So, Crysis.
I was in town a couple weeks ago and splurged a fiver on Crysis: Maximum Edition, which contains Crysis, Crysis Warhead and Crysis Wars. Since one third of that triad is multiplayer only, it is absent from the following.
Crysis
The first half of Crysis is a lot like Far Cry — lots of jungle to tromp through. Of course, it’s several years of technological improvement better jungle; foliage parts for you, you can mash down trees with your cars, and so on. But still jungle.
However, Crysis feels a lot more directed than Far Cry, and since it’s a straight shooter this is to its advantage. Rather than a few “get here… somehow” objectives with miles of wide open, pretty but lifeless jungle islands, Crysis has a definite corridor — albeit still a wide and varied corridor with plenty of vehicle and foot options (almost like a shooter version of Sonic 3 & Knuckles, though in later levels the corridor gets a bit tighter again).
And boy, is that corridor full of life. Along with the stealthier solo infiltration and one-man-army shenanigans, you’ll also be dropped into the middle of serious war zones — jets flying overhead, explosions everywhere. Action, drama… Not much storyline, but plenty of action and drama. And small birds that seem completely unperturbed by the explosions all around them.

Fight For Your Right
Weapons in Crysis annoyed me. You can only carry two real guns and the pistol(s). Realism, huh? On top of this, you can carry one missile launcher, a big pile of C4, and a stack of anti-vehicle mines. Why can’t I trade all those mines I’ll never use for another gun? Far Cry‘s limit of four was much more reasonable; I like to have a shotgun, an assault rifle and a sniper so I’m equipped for anything, then something with a little more bang in the top slot in case of vehicles. But no.
Suit customisation annoyed me too. It felt so… contrived. You can’t jump unless you’re in this mode, but then you can’t run (Deus Ex clearly got it wrong when they tied speed and jumping together), and you can’t punch through doors unless you’re in punch mode… “Suit customisation in real time” was more “juggle modes” — I was hoping for some more RPG-esque fine-tuning of suit parameters so I could get my own comfortable balance of speed, armour and punch.
Weapon customisation was a little better; as you progressed, you picked up more different attachments like sniper scopes and laser sights and underslung grenade launchers. Rather than the game forcing you to swap between attachments like the suit modes, here you could set things up as you felt comfortable and roll with it.

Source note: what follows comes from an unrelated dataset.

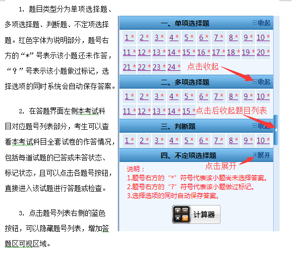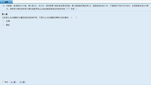 1.本考试试题一律在计算机上直接作答。 2.考场为考生统一提供演算草稿纸和演算用笔,考试结束后由监考人员统一收回;考生不得带出考场,违者按作弊处理。考生在草稿纸上书写的所有答题结果一律无效。 3.考试过程中,如遇到无法登录考试服务器、信息有误、机器故障或网络故障等异常情况,考生应举手示意,请监考人员帮助解决,不得自行处置。在等待问题解决过程中,请保持安静,不要影响其他考生。 4.在考生答题过程中,无纸化考试系统会自动为考生保存答案。 5.在题目内容较多的情况下,请使用鼠标上下拖动屏幕右侧的纵向滚动条查看全部内容,以免遗漏重要信息。在作答不定项选择题时,可以通过左右拖动分栏条改变资料栏和小题栏的宽度。 6.本考试的科目包括初级会计实务科目和经济法基础科目。两个科目的顺序将在考生登录答题系统时随机抽取。初级会计实务科目考试时间为2小时,经济法基础科目考试时间为1.5小时。考生在提前交卷或用完本考试科目的规定作答时间后,系统将进入下一科目答题界面,不能再返回上一科目答题界面,即两个科目考试时间不能相互借用。考生在开考2小时后方可交卷并离场。 二、系统登录 考生进入答题系统后,请根据提示输入准考证号和证件号,点击"登录"按钮,进入系统等待界面。 ![]() 三、系统等待页面 系统等待界面是考试前的一个提示界面,考生登录后请认真核对屏幕左上方的考生基本信息。利用考前等待时间认真阅读考试重要提示。考试开始后,系统将自动进入考生答题界面。 四、答题界面介绍 答题界面左上方为考生基本信息,包括考生照片、姓名、性别、准考证号、证件号。答题界面上方中间位置为本考试科目名称。答题界面右上方为本考试科目剩余时间信息及"交卷"按钮。答题界面左侧为本考试科目对应题号列表。答题界面左侧下方有计算器按钮,单击按钮可调出计算器。答题界面右侧为答题区。 ![]() 4、单项选择题 单项选择题答题时,考生直接用鼠标点击备选项中认为正确的选项前的按钮即可。如需修改答案,用鼠标点击其他备选项前的按钮即可。如需撤销已经选中的选项,再次点击该选项前的按钮即可。 ![]() 5、多项选择题 多项选择题答题时,考生直接用鼠标点击备选项中认为正确的所有选项前的按钮即可。如需撤销已经选中的选项,再次点击该选项前的按钮即可。 ![]() 6、判断题 判断题答题时,考生直接用鼠标点击备选项中认为正确的选项前的按钮即可。如需修改答案,用鼠标点击其他备选项前的按钮即可。如需撤销已经选中的选项,再次点击该选项前的按钮即可。 ![]() 7、不定项选择题 (1)不定项选择题答题时,考生直接用鼠标点击备选项中认为正确的所有选项前的按钮即可。如需撤销已经选中的选项,再次点击该选项前的按钮即可。 (2)用鼠标左右拖动题干与题目之间的分栏条,可增加题干或题目的可视区域。 (3)用鼠标上下拖动滚动条,可改变题干或题目的可视区域。 五、其他功能介绍 1.本考试科目剩余时间,提示考生合理控制答题进度;在每科目考试剩余10分钟时,会弹出窗口提示考生,考生点击"返回作答"按钮,窗口立即消失,不点击则在10秒后自动消失。

How Long Is a Carbanocarbon ROM Module?
Crysis is far too short.
While Far Cry was the gift that kept on giving (even though it… didn’t have that much to give…), Crysis just conks out after an — admitted pretty intense — final boss. The game ends crying out for a continuation; a continuation which, sadly, stand-alone expansionWarhead does not provide. Aside from the game only seeming to have eleven levels, the whole plot is left annoyingly dangling. Almost like they ran out of time and/or money and just chopped the last three levels off.

Crysis: Warhead
Warhead is more of the same, except this time its cinematics really confusing. Crysis tells its story from the first-person perspective; you never see Nomad from the outside because you are him. Warhead does the same, then sometimes quietly switches to an external camera — but keeps up the “you are in somebody’s face” techniques. It took me until quite a bit through the intro before I realised that I was Psycho (How was I supposed to know his real name was Sykes? Read the manual or something?) and not some other person following him around.
Warhead also doesn’t add much in the way of new weaponry; then again, since it’s coincident with the main game it wouldn’t make much sense for Psycho to have discarded that bad-ass plasma gun from the final boss before leaving Nomad with cruddy weapons for the real finale. But that’s the shit you get into for retconning.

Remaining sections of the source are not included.